--- What is required ---
The entries that follow must be written out exactly, without any of the pictures they contain.
Data section below:
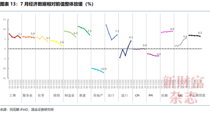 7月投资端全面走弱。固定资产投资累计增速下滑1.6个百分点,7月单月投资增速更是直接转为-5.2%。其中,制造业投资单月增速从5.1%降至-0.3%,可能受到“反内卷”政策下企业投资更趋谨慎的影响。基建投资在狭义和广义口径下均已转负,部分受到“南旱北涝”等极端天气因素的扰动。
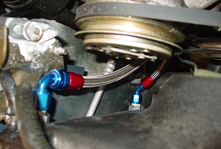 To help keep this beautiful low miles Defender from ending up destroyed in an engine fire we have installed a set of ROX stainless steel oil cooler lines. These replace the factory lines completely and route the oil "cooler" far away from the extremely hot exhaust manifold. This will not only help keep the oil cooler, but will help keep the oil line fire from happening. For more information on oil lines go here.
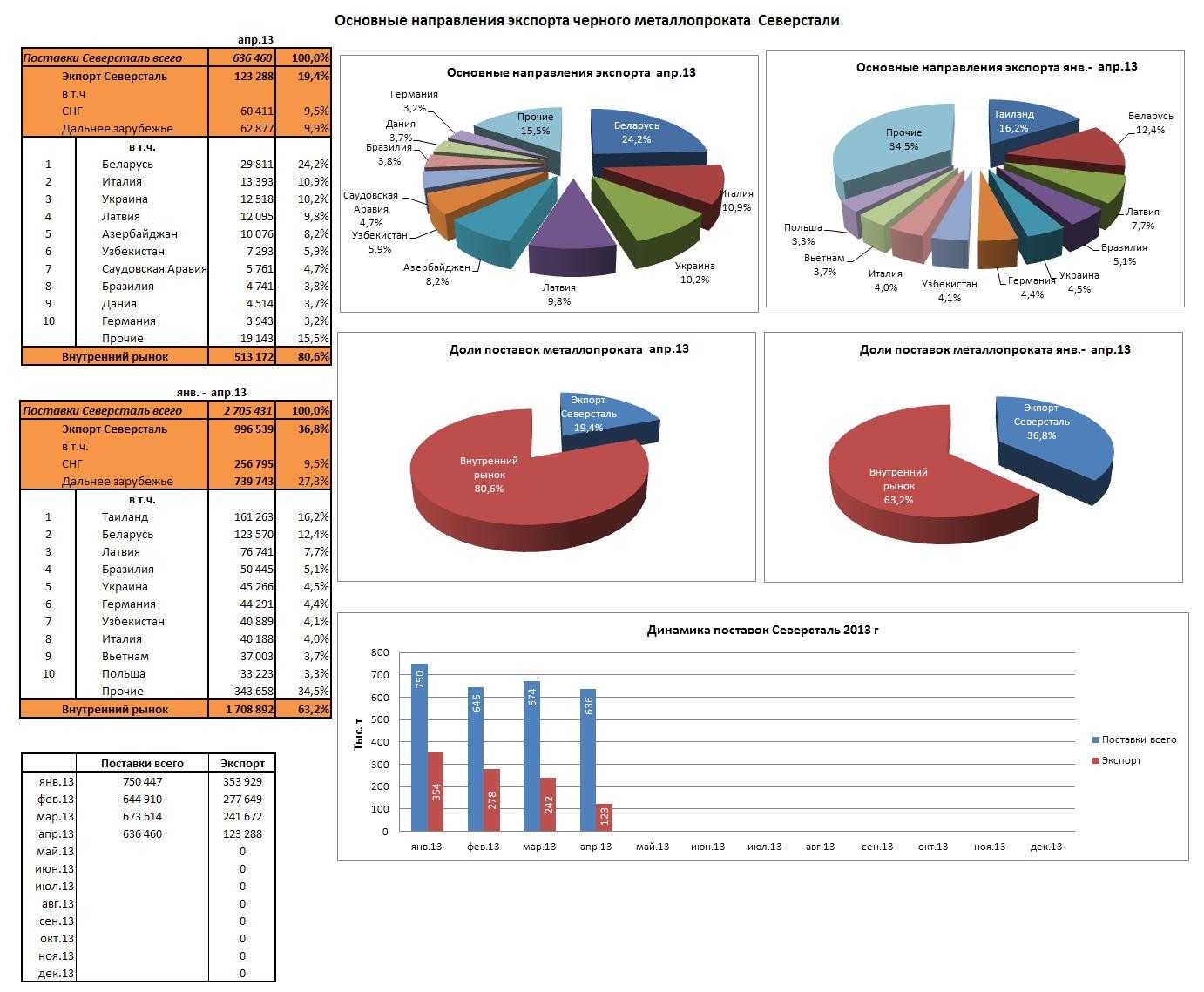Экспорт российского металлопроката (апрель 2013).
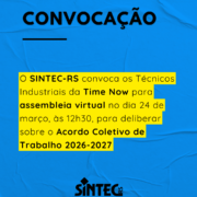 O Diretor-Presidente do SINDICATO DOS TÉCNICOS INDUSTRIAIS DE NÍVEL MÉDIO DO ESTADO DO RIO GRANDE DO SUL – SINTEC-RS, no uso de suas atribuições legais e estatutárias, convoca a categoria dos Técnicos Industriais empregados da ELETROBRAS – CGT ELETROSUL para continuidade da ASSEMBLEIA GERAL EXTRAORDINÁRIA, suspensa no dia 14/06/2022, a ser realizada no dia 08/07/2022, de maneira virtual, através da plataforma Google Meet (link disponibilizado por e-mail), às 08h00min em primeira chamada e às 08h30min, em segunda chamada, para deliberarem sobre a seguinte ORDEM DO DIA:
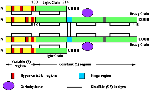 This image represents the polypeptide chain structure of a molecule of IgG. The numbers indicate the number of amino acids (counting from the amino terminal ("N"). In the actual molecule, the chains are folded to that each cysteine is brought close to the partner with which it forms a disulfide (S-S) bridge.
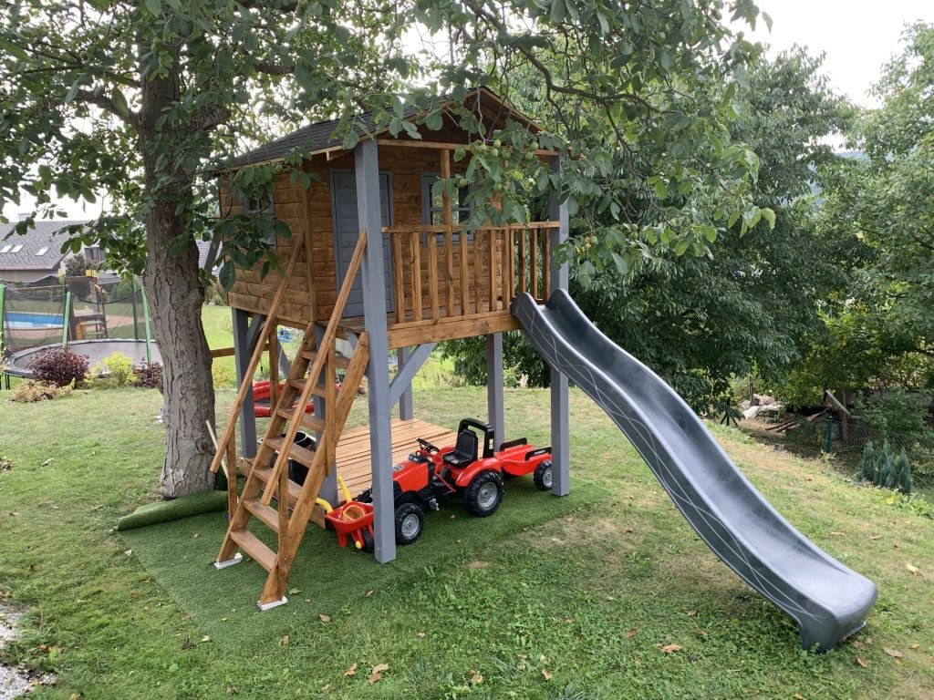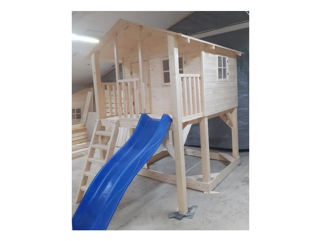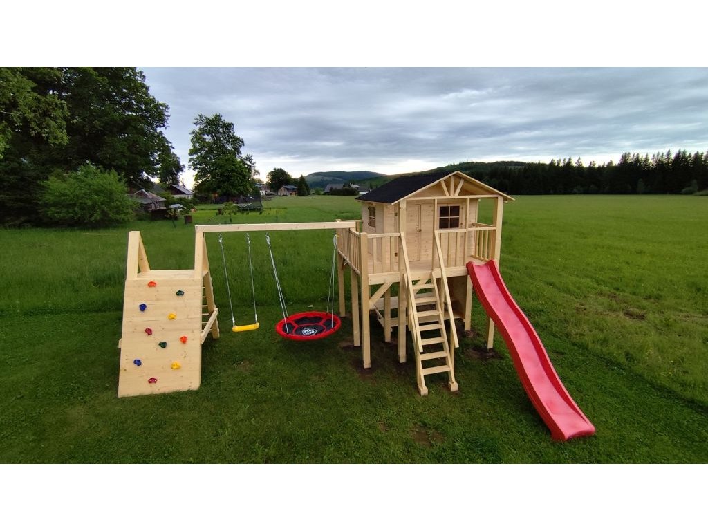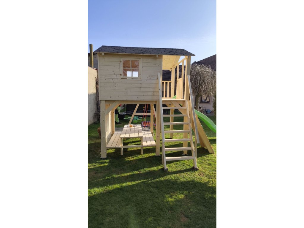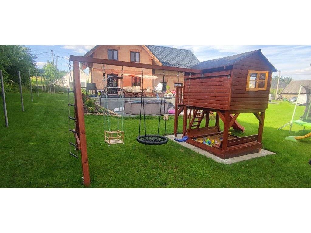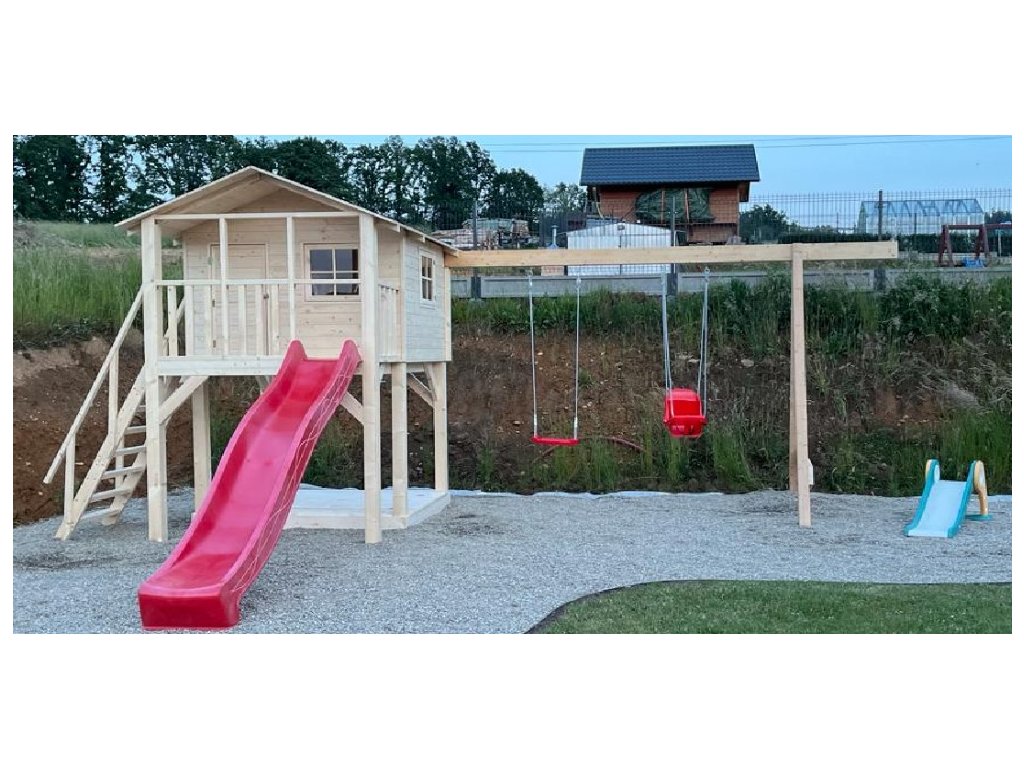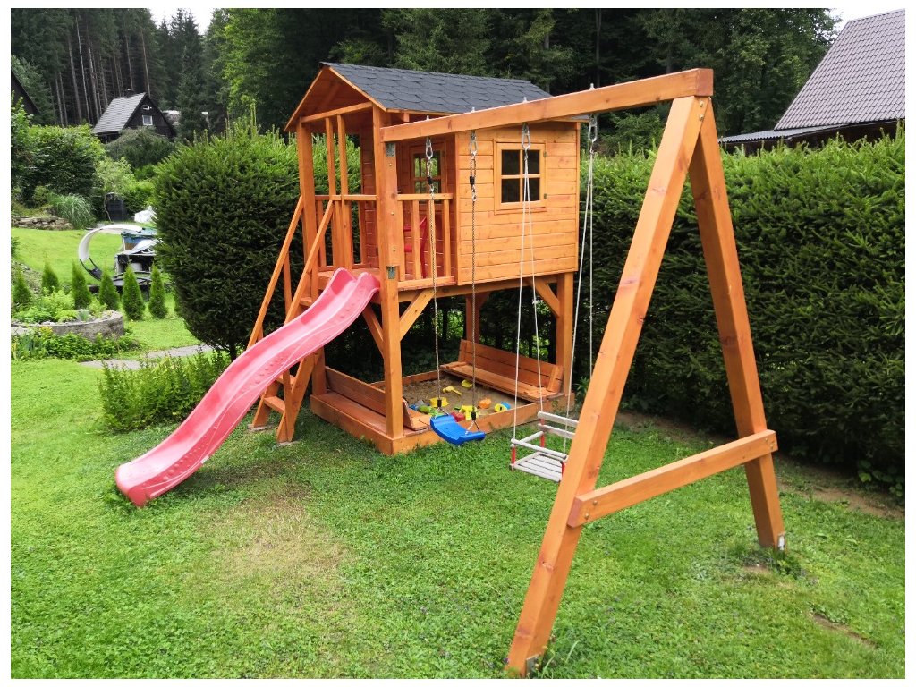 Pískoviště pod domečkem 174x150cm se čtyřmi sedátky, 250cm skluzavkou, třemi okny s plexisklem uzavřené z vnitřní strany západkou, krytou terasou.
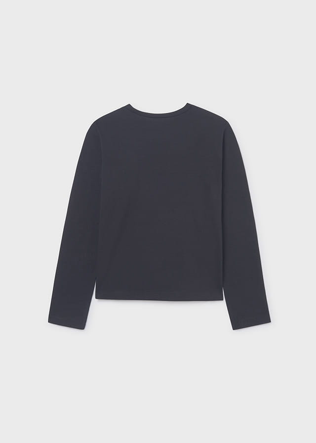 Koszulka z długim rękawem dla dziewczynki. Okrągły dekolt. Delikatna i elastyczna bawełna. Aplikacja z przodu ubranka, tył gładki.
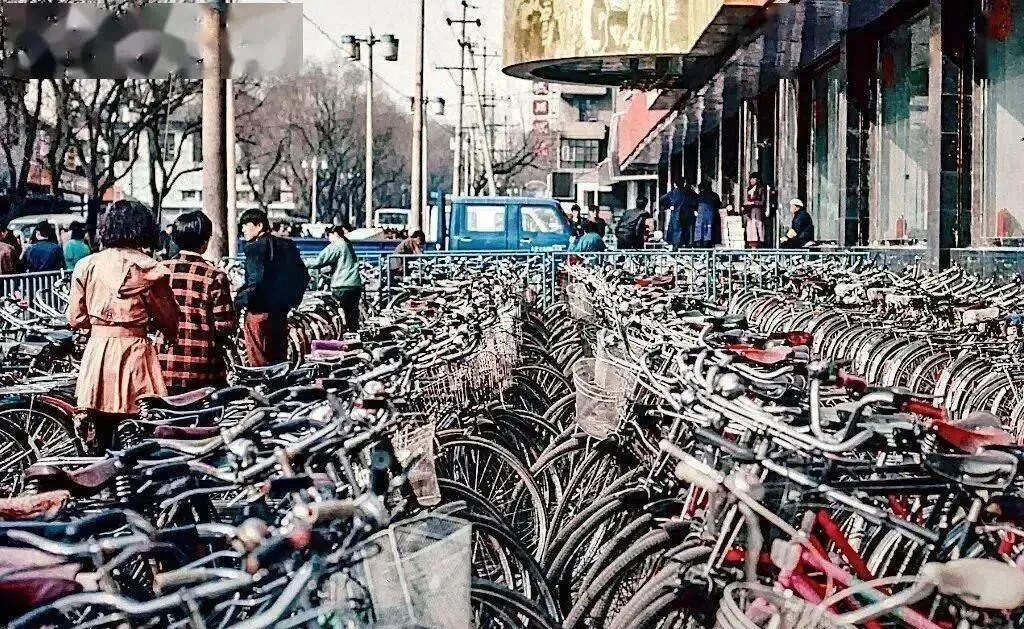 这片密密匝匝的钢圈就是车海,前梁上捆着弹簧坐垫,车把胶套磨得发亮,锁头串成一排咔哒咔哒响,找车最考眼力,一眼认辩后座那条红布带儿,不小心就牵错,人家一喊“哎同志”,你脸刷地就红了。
End of Data section.
--- Written solution ---
 7月投资端全面走弱。固定资产投资累计增速下滑1.6个百分点,7月单月投资增速更是直接转为-5.2%。其中,制造业投资单月增速从5.1%降至-0.3%,可能受到“反内卷”政策下企业投资更趋谨慎的影响。基建投资在狭义和广义口径下均已转负,部分受到“南旱北涝”等极端天气因素的扰动。
 To help keep this beautiful low miles Defender from ending up destroyed in an engine fire we have installed a set of ROX stainless steel oil cooler lines. These replace the factory lines completely and route the oil "cooler" far away from the extremely hot exhaust manifold. This will not only help keep the oil cooler, but will help keep the oil line fire from happening. For more information on oil lines go here.
Экспорт российского металлопроката (апрель 2013).
 O Diretor-Presidente do SINDICATO DOS TÉCNICOS INDUSTRIAIS DE NÍVEL MÉDIO DO ESTADO DO RIO GRANDE DO SUL – SINTEC-RS, no uso de suas atribuições legais e estatutárias, convoca a categoria dos Técnicos Industriais empregados da ELETROBRAS – CGT ELETROSUL para continuidade da ASSEMBLEIA GERAL EXTRAORDINÁRIA, suspensa no dia 14/06/2022, a ser realizada no dia 08/07/2022, de maneira virtual, através da plataforma Google Meet (link disponibilizado por e-mail), às 08h00min em primeira chamada e às 08h30min, em segunda chamada, para deliberarem sobre a seguinte ORDEM DO DIA:
 This image represents the polypeptide chain structure of a molecule of IgG. The numbers indicate the number of amino acids (counting from the amino terminal ("N"). In the actual molecule, the chains are folded to that each cysteine is brought close to the partner with which it forms a disulfide (S-S) bridge.
 Pískoviště pod domečkem 174x150cm se čtyřmi sedátky, 250cm skluzavkou, třemi okny s plexisklem uzavřené z vnitřní strany západkou, krytou terasou.
 Koszulka z długim rękawem dla dziewczynki. Okrągły dekolt. Delikatna i elastyczna bawełna. Aplikacja z przodu ubranka, tył gładki.
 这片密密匝匝的钢圈就是车海,前梁上捆着弹簧坐垫,车把胶套磨得发亮,锁头串成一排咔哒咔哒响,找车最考眼力,一眼认辩后座那条红布带儿,不小心就牵错,人家一喊“哎同志”,你脸刷地就红了。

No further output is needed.